Novel Conformation of the S Protein – ACE2 Interface Revealed
Simulation structures of the S protein RBD were clustered based on the RMSD deviation of the residues in contact with the mapped spots at the PPI interface. Clustering resulted in a total of 7 centroid structures that were used in molecular docking. Due to significant conformational differences observed at the PPI interface, these structures were divided into two models for which different docking coordinates were used. Models 1 and 2 contained 4 and 3 structures, respectively.In model1, conformations of Tyr505 and Arg403 resembled the crystal structure (Fig. 2). A groove-like region was observed below Arg403 and next to Tyr505. Depth of the groove was increased by sidechain of Glu406 turning away from Tyr495 to form a salt bridge with either Arg403 or Arg408. Clustering of probe poses at cluster 0 showed 1P3 forming π-stacking interaction with Tyr505 and hydrogen bonding with the backbone amide of Gly502 (Fig. 1; Fig. 2). 1P3 at this site overlapped with the sidechain of ACE2 Lys353 in S protein – ACE2 complex, suggesting a potential mechanism for inhibition. For model1 structures, compounds were sought to utilize this site by forming similar interactions to those formed by the 1P3 centroid probe.
Fig. 2.
S protein RBD PPI interface conformations revealed by MixMD simulations. Model1 conformation on the left panel, Model2 conformation on the right panel. RBD is represented as white transparent surface. Residues Y505 and R403 are shown as sticks with the following atom coloring: C = white, O = red, N = blue, H = white. In addition, NIB-models generated of these conformations are shown as spheres and blue transparent surface. NIB-model atom colorings are: Neutral = cyan, negatively charged = red, positively charged = blue. 1P3 probes incorporated in the NIB-models are shown as sticks and the same atom colorings as RBD residues except for carbon atoms that are colored cyan.
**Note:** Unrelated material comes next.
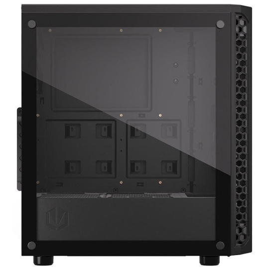 Skříň formátu Middle Tower s průhlednou bočnicí z tvrzeného skla nabízí dvě 2,5" pozice pro SSD disky a dvě 3,5" pozice pro pevné disky. Na horní části se nachází dva USB 3.0 porty, sluchátkový výstup a audio vstup pro mikrofon. Vybavena je dvěma 120 mm ventilátory, které spolu s perforovaným čelním panelem zajišťují dostatečné proudění vzduchu. Důmyslné řešení umožňuje pohodlné umístění až 360 mm dlouhého výměníku vodního chlazení na přední straně. Ve skříni je dostatek prostoru pro chladič CPU do výšky až 161 mm a grafickou kartu o délce až 350 mm. Dodávána je bez zdroje. Součástí je také sada prachových filtrů.
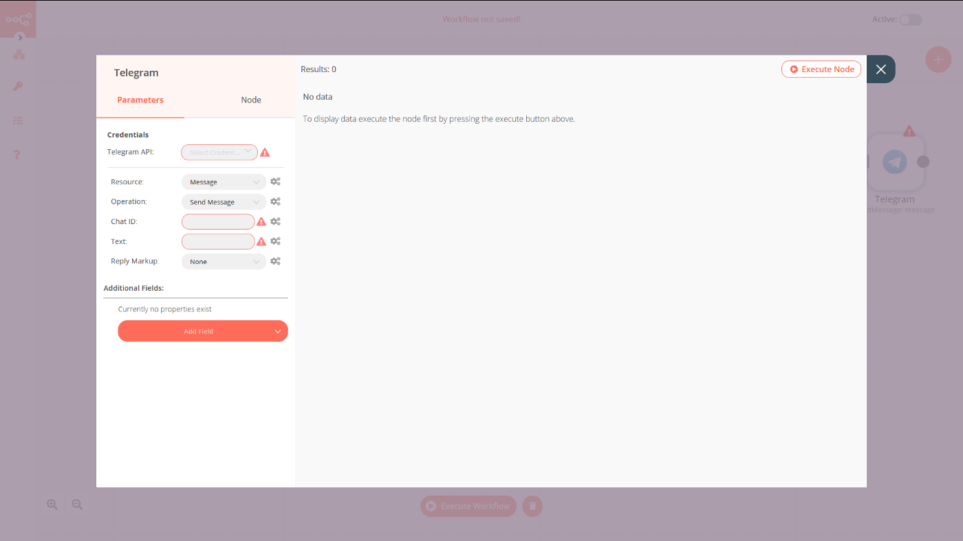 There are a few fields highlighted and we don’t have that data yet. So before we use the Telegram node, we have to get those details. Here’s what we need to do:

S protein RBD PPI interface conformations revealed by MixMD simulations. Model1 conformation on the left panel, Model2 conformation on the right panel. RBD is represented as white transparent surface. Residues Y505 and R403 are shown as sticks with the following atom coloring: C = white, O = red, N = blue, H = white. In addition, NIB-models generated of these conformations are shown as spheres and blue transparent surface. NIB-model atom colorings are: Neutral = cyan, negatively charged = red, positively charged = blue. 1P3 probes incorporated in the NIB-models are shown as sticks and the same atom colorings as RBD residues except for carbon atoms that are colored cyan.In model2, sidechains of Tyr505 and Arg403 adopted conformations that caused overlap with ACE2 Lys353 in the superimposed crystal structure complex (Fig. 2). Such conformation was observed in approximately 10 percent of structures of 1P3 simulations and 15 percent of structures of ACN and IPA simulations. This difference between 1P3 and other probes was reasoned to be caused by the high residence time of 1P3 close to Tyr505, resulting in the crystal structure-like conformation being stabilized by π-stacking interaction. Probe pose clustering of 1P3 within the model2 structures revealed 1P3 frequently forming hydrogen bond and π-stacking interactions with Tyr505 and Arg403 (Fig. 2). Thus, potential hit compounds were predicted to stabilize the observed Tyr505 and Arg403 conformations by forming similar interactions.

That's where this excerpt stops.